If "brevity is the soul of wit," as Shakespeare once wrote, it might explain why text messages have more soul than many long-haul conversations.
I saw three people standing on a street corner the other day, presumably all strangers to one another, all talking on cell phones. I felt lucky to have turned mine off. I was walking to the library and thinking of how mariners once composed letters in distant lands and sent them on ships to loved ones back home; letters that had to encompass all the poetry of a journey and the pathos of separation, lessons learned and memories revisited.
That was when "elsewhere" still existed, before satellites made everyone feel as though they were sitting around the same coffee table.

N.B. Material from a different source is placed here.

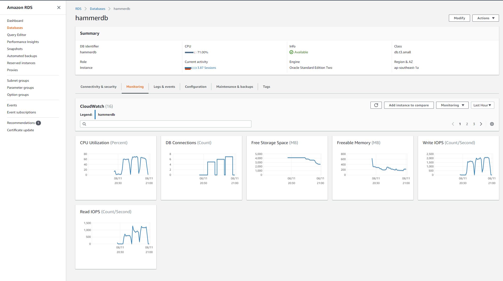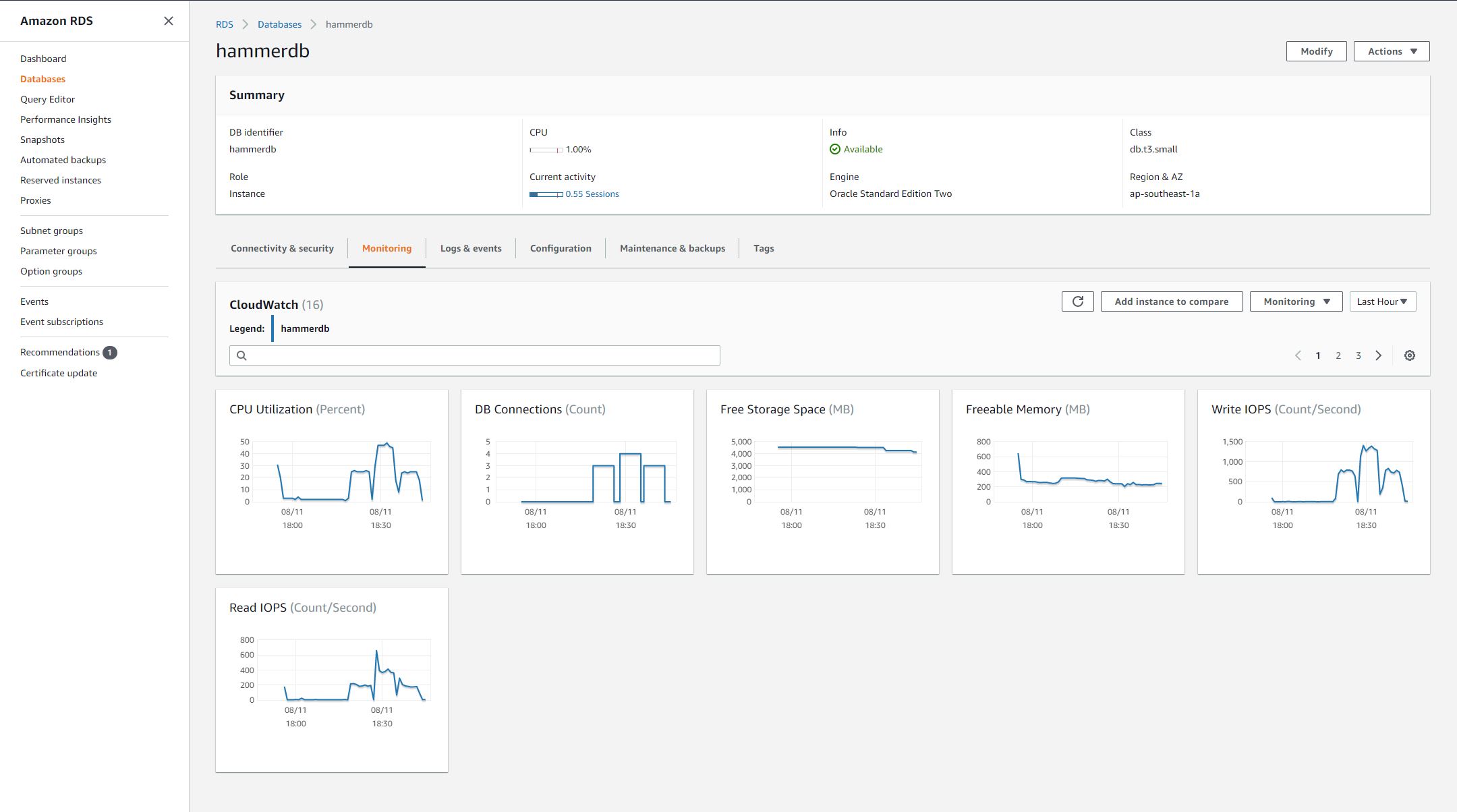 P.S. The step to create the testing RDS Oracle database is not included here. Also the HammerDB user creation and warehouse build in the database also not included here.

To go somewhere meant adventure and longing. And there was always a good chance that the letter might never arrive for one reason or another, that a hundred sorrows, joys and revelations would be thrown in the wrong sack or dropped off the dock and lost forever. Yet even then, French philosopher Blaise Pascal was compelled to write, "I wrote you a long letter because I didn't have time to make it shorter."
Cell phones give us the freedom to be apart when we are together, like in a city when one wants to explore and the other wants to stay put. They also allow us to be together when we are apart, no matter how important being apart might be. Pulling the heart strings tight every now and then, even getting to the end of my rope and hanging there a while, can be very instructive. Overly convenient means of communication can make me glib, or worse, empty.
The text message is a different animal altogether. A little beep lets me know I will find a treasure on the line. It comes when someone out there has punched in a distilled piece of themselves. I sometimes appreciate an abbreviated piece of slang from the right person more than a 10-minute ramble from others. Personality gets condensed and the air stays clear. There is no listening for hidden meanings and no hunting for innuendo.
And most importantly, it calls to mind quickly that most necessary communication of all—a little face to face.